## Task
Starting from the line with "首先是基于IDC的邊緣計算,它是結(ji", transcribe each line to the end of the records below. Copy them exactly and write nothing else.

[Records excerpted from a collection]
------------------------------------------------
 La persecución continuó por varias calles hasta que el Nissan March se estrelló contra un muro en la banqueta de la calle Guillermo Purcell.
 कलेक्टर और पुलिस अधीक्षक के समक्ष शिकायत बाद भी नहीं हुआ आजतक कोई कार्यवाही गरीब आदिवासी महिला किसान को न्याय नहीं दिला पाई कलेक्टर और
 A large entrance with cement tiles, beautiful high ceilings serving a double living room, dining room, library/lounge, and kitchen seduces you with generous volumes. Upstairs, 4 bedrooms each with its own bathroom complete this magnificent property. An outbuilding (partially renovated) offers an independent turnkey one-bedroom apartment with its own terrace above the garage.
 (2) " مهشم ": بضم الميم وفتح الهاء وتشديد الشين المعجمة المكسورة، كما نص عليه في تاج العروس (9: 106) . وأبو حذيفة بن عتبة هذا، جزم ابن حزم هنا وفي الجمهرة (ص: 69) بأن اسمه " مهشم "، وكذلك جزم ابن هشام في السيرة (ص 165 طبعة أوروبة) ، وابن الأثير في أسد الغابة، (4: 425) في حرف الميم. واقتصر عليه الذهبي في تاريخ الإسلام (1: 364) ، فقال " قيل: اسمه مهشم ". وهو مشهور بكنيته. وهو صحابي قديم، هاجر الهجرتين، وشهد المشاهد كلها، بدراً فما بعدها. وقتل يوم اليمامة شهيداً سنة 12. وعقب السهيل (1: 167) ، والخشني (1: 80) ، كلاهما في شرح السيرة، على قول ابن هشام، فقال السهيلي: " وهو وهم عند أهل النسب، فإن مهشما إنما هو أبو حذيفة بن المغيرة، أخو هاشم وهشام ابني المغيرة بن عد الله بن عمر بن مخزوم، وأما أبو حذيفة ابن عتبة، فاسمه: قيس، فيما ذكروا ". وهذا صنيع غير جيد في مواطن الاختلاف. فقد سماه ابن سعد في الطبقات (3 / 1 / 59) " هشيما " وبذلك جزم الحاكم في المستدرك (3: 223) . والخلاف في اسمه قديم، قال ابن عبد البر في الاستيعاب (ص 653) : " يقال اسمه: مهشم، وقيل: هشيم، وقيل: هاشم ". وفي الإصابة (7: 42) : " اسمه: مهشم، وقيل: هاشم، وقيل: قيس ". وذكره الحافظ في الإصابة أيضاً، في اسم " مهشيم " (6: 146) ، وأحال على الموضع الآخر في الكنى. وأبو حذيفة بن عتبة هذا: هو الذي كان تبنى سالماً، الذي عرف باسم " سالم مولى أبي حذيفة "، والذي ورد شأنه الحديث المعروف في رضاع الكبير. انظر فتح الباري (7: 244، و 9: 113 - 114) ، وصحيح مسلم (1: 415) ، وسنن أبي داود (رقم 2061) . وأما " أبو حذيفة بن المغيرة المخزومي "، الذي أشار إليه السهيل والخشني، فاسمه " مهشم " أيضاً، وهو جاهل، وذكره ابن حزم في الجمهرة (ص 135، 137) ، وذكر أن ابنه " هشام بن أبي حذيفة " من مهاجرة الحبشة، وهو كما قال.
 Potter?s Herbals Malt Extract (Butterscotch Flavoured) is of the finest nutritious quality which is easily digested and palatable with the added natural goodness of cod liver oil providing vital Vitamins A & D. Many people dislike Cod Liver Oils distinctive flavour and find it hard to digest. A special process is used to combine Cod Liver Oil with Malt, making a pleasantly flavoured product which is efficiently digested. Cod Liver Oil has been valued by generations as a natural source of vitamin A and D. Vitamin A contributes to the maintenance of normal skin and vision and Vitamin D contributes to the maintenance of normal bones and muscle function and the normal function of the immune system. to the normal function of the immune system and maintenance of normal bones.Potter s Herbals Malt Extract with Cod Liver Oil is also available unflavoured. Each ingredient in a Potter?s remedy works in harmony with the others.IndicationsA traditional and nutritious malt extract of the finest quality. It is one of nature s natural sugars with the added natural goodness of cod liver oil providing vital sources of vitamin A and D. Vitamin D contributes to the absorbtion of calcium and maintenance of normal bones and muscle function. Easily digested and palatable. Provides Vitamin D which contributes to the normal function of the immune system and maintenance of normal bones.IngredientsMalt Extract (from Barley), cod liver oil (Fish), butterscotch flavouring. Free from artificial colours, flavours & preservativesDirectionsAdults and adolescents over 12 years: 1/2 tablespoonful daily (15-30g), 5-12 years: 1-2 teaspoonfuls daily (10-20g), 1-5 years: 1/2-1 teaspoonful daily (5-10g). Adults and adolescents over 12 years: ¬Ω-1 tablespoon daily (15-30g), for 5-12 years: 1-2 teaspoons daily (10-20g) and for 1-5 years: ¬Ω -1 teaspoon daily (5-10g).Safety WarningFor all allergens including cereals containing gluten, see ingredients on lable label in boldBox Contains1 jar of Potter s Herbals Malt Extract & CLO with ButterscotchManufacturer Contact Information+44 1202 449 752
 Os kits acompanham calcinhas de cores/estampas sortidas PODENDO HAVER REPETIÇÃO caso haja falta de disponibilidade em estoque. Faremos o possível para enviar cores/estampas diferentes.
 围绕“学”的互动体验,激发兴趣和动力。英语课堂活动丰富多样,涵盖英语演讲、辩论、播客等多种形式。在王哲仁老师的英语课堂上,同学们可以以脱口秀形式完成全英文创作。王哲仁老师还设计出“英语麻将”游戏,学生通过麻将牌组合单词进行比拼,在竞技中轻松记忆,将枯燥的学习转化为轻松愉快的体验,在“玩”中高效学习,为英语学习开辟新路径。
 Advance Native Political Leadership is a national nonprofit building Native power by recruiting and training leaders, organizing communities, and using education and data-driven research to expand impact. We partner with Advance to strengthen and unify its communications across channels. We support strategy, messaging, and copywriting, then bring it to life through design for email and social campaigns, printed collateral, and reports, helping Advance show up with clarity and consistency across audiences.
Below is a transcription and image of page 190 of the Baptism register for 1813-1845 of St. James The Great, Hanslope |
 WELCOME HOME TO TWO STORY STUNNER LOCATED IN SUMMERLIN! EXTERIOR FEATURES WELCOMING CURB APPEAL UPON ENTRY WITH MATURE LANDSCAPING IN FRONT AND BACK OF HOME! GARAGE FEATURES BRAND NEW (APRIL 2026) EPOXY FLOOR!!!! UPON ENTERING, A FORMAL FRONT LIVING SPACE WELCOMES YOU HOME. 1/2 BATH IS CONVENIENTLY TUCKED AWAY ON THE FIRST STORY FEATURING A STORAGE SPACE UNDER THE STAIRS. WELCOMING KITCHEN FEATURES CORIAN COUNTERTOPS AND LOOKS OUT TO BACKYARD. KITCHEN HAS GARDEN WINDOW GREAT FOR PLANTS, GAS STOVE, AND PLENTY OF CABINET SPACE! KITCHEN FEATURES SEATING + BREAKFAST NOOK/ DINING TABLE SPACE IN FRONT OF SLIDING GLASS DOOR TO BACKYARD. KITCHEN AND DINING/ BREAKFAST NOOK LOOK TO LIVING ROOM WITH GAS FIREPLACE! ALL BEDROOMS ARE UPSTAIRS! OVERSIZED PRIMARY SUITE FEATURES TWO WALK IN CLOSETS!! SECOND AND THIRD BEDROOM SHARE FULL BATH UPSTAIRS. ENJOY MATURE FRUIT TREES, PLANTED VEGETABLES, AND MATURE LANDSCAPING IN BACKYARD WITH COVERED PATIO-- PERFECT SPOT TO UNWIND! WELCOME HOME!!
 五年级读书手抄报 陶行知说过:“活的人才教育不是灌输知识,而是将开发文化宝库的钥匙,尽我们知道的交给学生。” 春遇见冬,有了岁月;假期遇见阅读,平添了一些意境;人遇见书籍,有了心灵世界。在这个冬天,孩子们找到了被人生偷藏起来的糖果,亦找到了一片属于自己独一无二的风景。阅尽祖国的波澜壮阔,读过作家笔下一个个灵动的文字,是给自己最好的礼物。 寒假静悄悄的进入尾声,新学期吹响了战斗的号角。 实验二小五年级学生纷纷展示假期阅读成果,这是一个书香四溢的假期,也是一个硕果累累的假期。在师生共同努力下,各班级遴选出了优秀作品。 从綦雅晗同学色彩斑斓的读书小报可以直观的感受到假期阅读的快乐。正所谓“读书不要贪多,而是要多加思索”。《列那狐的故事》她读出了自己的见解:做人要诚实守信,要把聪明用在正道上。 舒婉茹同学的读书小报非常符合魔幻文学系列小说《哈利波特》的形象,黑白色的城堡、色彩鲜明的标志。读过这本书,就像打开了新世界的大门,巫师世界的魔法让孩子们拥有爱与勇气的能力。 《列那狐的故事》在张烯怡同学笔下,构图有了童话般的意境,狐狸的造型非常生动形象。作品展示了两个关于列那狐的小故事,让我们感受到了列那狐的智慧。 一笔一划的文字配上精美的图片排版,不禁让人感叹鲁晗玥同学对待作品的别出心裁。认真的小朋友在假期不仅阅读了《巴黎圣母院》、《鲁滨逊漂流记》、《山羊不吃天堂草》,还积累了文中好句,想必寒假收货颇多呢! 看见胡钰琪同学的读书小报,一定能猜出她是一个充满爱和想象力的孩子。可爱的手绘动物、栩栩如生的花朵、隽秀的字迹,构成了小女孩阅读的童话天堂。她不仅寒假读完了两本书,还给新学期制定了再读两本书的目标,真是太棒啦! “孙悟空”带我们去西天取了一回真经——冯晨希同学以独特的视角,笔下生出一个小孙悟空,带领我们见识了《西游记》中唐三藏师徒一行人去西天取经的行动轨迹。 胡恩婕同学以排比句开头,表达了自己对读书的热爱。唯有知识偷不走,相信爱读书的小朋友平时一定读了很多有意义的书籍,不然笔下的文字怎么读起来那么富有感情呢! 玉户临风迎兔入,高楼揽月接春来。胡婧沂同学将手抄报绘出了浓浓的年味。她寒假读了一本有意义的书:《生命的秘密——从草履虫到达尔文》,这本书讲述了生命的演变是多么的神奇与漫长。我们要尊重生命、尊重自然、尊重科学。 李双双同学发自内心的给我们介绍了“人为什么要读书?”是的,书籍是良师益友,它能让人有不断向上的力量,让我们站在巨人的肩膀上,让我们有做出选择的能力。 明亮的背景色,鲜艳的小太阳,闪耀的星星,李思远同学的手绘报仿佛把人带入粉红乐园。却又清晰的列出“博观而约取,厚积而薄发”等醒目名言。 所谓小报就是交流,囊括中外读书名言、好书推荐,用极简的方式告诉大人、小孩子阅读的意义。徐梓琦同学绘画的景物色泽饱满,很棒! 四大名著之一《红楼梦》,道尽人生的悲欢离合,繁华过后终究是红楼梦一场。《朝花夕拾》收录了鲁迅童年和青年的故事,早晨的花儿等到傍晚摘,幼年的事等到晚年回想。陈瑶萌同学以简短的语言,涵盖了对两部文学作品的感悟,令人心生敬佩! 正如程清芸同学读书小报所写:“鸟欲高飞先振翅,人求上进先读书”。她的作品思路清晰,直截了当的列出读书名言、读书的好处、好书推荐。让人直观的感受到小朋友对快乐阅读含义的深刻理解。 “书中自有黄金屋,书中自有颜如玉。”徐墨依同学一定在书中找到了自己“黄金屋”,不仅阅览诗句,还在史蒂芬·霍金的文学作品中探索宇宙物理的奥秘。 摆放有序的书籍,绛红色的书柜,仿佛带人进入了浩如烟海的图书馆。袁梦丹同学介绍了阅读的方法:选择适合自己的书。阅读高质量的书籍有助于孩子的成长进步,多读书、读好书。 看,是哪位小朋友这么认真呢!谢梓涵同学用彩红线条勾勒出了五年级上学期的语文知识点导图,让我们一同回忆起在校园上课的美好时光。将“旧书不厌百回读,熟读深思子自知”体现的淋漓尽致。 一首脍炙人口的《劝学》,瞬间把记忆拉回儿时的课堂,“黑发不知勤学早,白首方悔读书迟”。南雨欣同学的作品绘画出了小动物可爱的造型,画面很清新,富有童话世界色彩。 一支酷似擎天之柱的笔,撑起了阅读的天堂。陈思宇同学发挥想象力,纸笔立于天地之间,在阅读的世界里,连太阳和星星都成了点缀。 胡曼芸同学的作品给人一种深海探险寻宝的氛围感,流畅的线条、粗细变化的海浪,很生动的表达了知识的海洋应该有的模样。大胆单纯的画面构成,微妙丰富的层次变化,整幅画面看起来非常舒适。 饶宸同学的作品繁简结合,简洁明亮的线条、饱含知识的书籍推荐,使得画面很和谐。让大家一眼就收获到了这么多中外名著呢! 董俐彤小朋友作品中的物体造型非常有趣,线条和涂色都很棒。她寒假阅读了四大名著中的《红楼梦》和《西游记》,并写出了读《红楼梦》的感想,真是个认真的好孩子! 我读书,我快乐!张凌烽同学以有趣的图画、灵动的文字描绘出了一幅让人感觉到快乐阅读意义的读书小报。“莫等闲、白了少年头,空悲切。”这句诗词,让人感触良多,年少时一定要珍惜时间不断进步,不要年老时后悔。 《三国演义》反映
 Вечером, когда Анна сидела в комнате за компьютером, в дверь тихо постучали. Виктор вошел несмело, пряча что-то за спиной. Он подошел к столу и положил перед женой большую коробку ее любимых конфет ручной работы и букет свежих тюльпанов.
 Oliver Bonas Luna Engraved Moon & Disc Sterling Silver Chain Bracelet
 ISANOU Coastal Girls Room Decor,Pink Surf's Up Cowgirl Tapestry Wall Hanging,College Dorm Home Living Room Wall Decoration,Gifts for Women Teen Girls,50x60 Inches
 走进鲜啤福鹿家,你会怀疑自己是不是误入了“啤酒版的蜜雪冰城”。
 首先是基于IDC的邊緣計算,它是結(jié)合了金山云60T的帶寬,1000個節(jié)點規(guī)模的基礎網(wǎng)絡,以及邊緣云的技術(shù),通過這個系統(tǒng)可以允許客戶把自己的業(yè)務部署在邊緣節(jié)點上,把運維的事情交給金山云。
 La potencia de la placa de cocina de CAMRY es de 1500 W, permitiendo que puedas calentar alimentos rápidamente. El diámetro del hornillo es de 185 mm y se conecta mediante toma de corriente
------------------------------------------------
## Response
 首先是基于IDC的邊緣計算,它是結(jié)合了金山云60T的帶寬,1000個節(jié)點規(guī)模的基礎網(wǎng)絡,以及邊緣云的技術(shù),通過這個系統(tǒng)可以允許客戶把自己的業(yè)務部署在邊緣節(jié)點上,把運維的事情交給金山云。
 La potencia de la placa de cocina de CAMRY es de 1500 W, permitiendo que puedas calentar alimentos rápidamente. El diámetro del hornillo es de 185 mm y se conecta mediante toma de corriente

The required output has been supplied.